100 loops, best of 3: 149 ms per loop


In [6]:
%timeit -n 100 gbc.fit(x_train,y_train)

100 loops, best of 3: 166 ms per loop


In [7]:
%timeit -n 100 xgb.fit(x_train,y_train)

100 loops, best of 3: 26.7 ms per loop


In [8]:
%timeit -n 100 lgbm.fit(x_train,y_train)

100 loops, best of 3: 29.6 ms per loop


### XGB completes in about 1/5th the time of Random Forest. LGBM does almost as well.

# Accuracy

In [9]:
print(f"Random Forest accuracy:{accuracy_score(y_test, ran.predict(x_test))}")
print(f"Normal Gradient Boosting accuracy:{accuracy_score(y_test, gbc.predict(x_test))}")
print(f"XGB accuracy:{accuracy_score(y_test, xgb.predict(x_test))}")
print(f"LGBM accuracy:{accuracy_score(y_test, lgbm.predict(x_test))}")

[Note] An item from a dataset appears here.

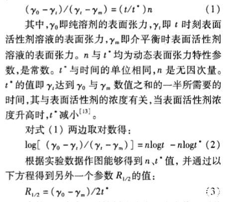其中,即純溶劑的表面張力,即t時刻表面活性劑溶液的表面張力,即介平衡時表面活性劑溶液的表面張力。n與t均為動態(tài)表面張力特性參數(shù),是常數(shù)。t與時間的單位相同,n是無因次量。t的值即達到。與7數(shù)值之和的一半所需要的時間,其與表面活性劑的濃度有關,當表面活性劑濃度升高時,t減小。

Random Forest accuracy:0.9555555555555556
Normal Gradient Boosting accuracy:0.9555555555555556
XGB accuracy:0.9555555555555556
LGBM accuracy:0.9555555555555556


I found random_state to have huge impact on the models. Using 310, they seem to all do about the same. Random Forest did have slightly better performance when using lower random_states. All models seem to have ballpark same accuracy scores.